Three-dimensional N-doped carbon nanosheets loaded with heterostructured Ni/Ni3ZnC0.7 nanoparticles for selective and efficient CO2 reduction

Abstract

Electrocatalytic CO₂ reduction (CO₂RR) has emerged as a promising approach for converting CO₂ into valuable chemicals and fuels to achieve a sustainable carbon cycle. However, the development of efficient electrocatalysts with high current densities and superior product selectivity remains a significant challenge. In this study, we present the synthesis of a porous nitrogen-doped carbon nanosheet loaded with heterostructured Ni/Ni₃ZnC_0.7 nanoparticles through a facile hydrothermal-calcination method (Ni/Ni₃ZnC_0.7-NC). Remarkably, the Ni/Ni₃ZnC_0.7-NC catalyst exhibits outstanding performance towards CO₂RR in an H-cell, demonstrating a high CO faradaic efficiency of 92.47% and a current density (j_CO) of 15.77 mA cm⁻² at 0.87 V vs. RHE. To further explore its potential industrial applications, we constructed a flow cell and a rechargeable Zn–CO₂ flow cell utilizing the Ni/Ni₃ZnC_0.7-NC catalyst as the cathode. Impressively, not only does the Ni/Ni₃ZnC_0.7-NC catalyst achieve an industrial high current density of 254 mA cm⁻² at a voltage of −1.19 V vs. RHE in the flow cell, but it also exhibits a maximum power density of 4.2 mW cm⁻² at 22 mA cm⁻² in the Zn–CO₂ flow cell, while maintaining excellent rechargeability.
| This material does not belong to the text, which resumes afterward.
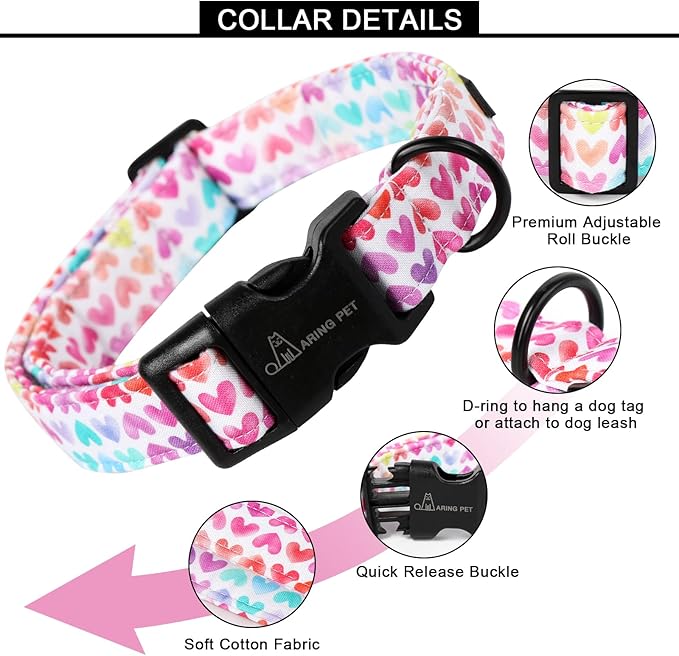 ARING PET Valentine's Day Dog Collar, Cute Colorful Heart Pet Collars with Quick Release Buckle for Puppy Small Medium Large Boy Girl Dogs-XS

Density functional theory (DFT) calculations indicate that Ni/Ni₃ZnC_0.7-NC possesses more spontaneous reaction pathways for CO₂ reduction to CO, owing to its heterogeneous structure in contrast to Ni₃ZnC_0.7-NC and Ni–NC. Consequently, Ni/Ni₃ZnC_0.7-NC demonstrates accelerated CO₂RR reaction kinetics, resulting in improved catalytic activity and selectivity for CO₂RR.